Audit finds Medicaid enrollment broker met most requirements but still found areas of concern

A recent audit on the state's Medicaid enrollment broker found that most requirements related to communicating and processing enrollment information were met; however, some processes had room for improvement.    

The audit sought to determine if Maximus Inc. had complied with requirements involving communicating with eligible clients of the Texas State Medicaid program and the Children's Health Insurance Program (CHIP) in a timely and accurate manner, including receiving and processing information involving clients' selections of a health plan.   

As the state's sole health plan enrollment broker, Maximus reported that they processed, on average, more than 103,000 new Medicaid enrollments monthly in Fiscal Year 21, with 35 percent of new clients enrolled in a managed care organization based on the member’s choice. An additional 6,924 children were enrolled in the CHIP program each month, with 70 percent based on a member's plan choice. If a member does not select a plan, the broker assigns the member to a plan through its default enrollment process, considering one or more factors, such as prior MCO coverage.  

Auditors found that Maximus did not initiate its default enrollment process for CHIP members re-enrolling with the program in accordance with its procedures. The procedures outline that CHIP members who reenter the program within one year of leaving should be re-enrolled with their previous MCO, and those re-enrolling after a year should use the algorithm to select a plan. Auditors discovered that all previous CHIP clients were re-enrolled in their previous MCO regardless of their last coverage period.  

Auditors recommended that Maximus work with HHS to update the process for initiating the default algorithm for CHIP clients to ensure the broker follows stated procedures.  

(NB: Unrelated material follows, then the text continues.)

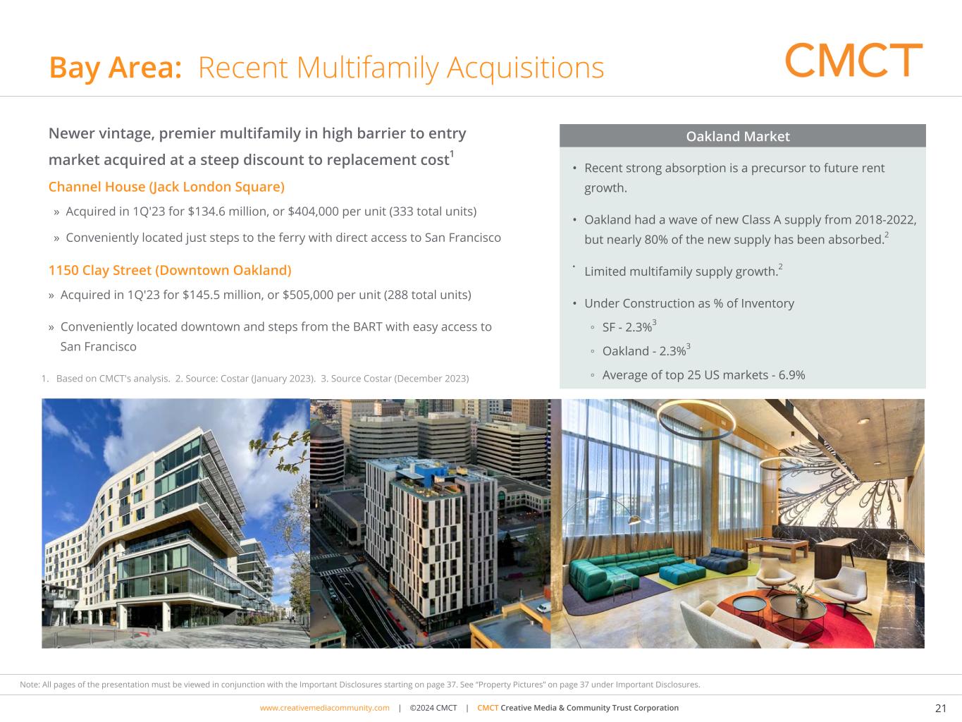 www.cimgroup.com | ©2018 CIM Group | TRADE SECRET / CONFIDENTIAL INFORMATIONwww.creativemediacommunity.com | ©2024 CMCT | CMCT Creative Media & Community Trust Corporation 21 Note: All pages of the presentation must be viewed in conjunction with the Important Disclosures starting on page 37. See “Property Pictures” on page 37 under Important Disclosures. Bay Area: Recent Multifamily Acquisitions Channel House (Jack London Square) » Acquired in 1Q'23 for $134.6 million, or $404,000 per unit (333 total units) » Conveniently located just steps to the ferry with direct access to San Francisco 1150 Clay Street (Downtown Oakland) » Acquired in 1Q'23 for $145.5 million, or $505,000 per unit (288 total units) » Conveniently located downtown and steps from the BART with easy access to San Francisco Oakland MarketNewer vintage, premier multifamily in high barrier to entry market acquired at a steep discount to replacement cost1 • Recent strong absorption is a precursor to future rent growth. • Oakland had a wave of new Class A supply from 2018-2022, but nearly 80% of the new supply has been absorbed.2 • Limited multifamily supply growth.2 • Under Construction as % of Inventory ◦ SF - 2.3%3 ◦ Oakland - 2.3%3 ◦ Average of top 25 US markets - 6.9%1. Based on CMCT's analysis. 2. Source: Costar (January 2023). 3. Source Costar (December 2023)

Maximus is also responsible for communicating Medicaid enrollment transactions to HHS through the Texas Integrated Eligibility Redesign System (TIERS) and resolving transactions the system may deny. However, auditors found that Maximus had not resolved several types of transactions, specifically: 

  • The daily report Maximus runs to capture TIERS-denied transactions did not include all TIERS-denied transactions. 
  • On 12 of the daily reports reviewed by the OIG, Maximus did not include 68 percent of transactions in its tracking spreadsheet. 
  • Maximus resolved all 25 tested transactions on its spreadsheet. However, 11 were not resolved timely, and one did not address the member's selection of MCO. 

OIG auditors provided recommendations to the broker on how to address areas of concern, including strengthening the process used to resolve TIERS-denied transactions by developing a clear procedure that includes a process review. Auditors also suggested Maximus work with HHS to review prior TIERS-denied transactions not captured in its review process to ensure they were appropriately resolved. 

Auditors also reviewed Maximus' communication with enrollees related to the process of joining Medicaid and CHIP, finding the broker had mostly shared accurate information with clients; however, there were several areas of improvement. For example, of the 27 Medicaid enrollment packets tested, 26 included an incorrect reply by date, which could lead to clients not being enrolled with their preferred MCO if deadlines are missed. Additionally, the broker failed to review the accuracy of its mailing contractor's self-reported information about the date client letters were delivered to the postal service. 

The OIG made recommendations to Maximus aimed at improving communication with enrolling Medicaid clients, including the implementing process' that ensures enrollment packets provide accurate response deadlines and verify the accuracy of mail date information provided by its subcontractors. 

Maximus agreed with the results of most of the audit's findings and has begun to develop or implement process changes based on the auditors' recommendations.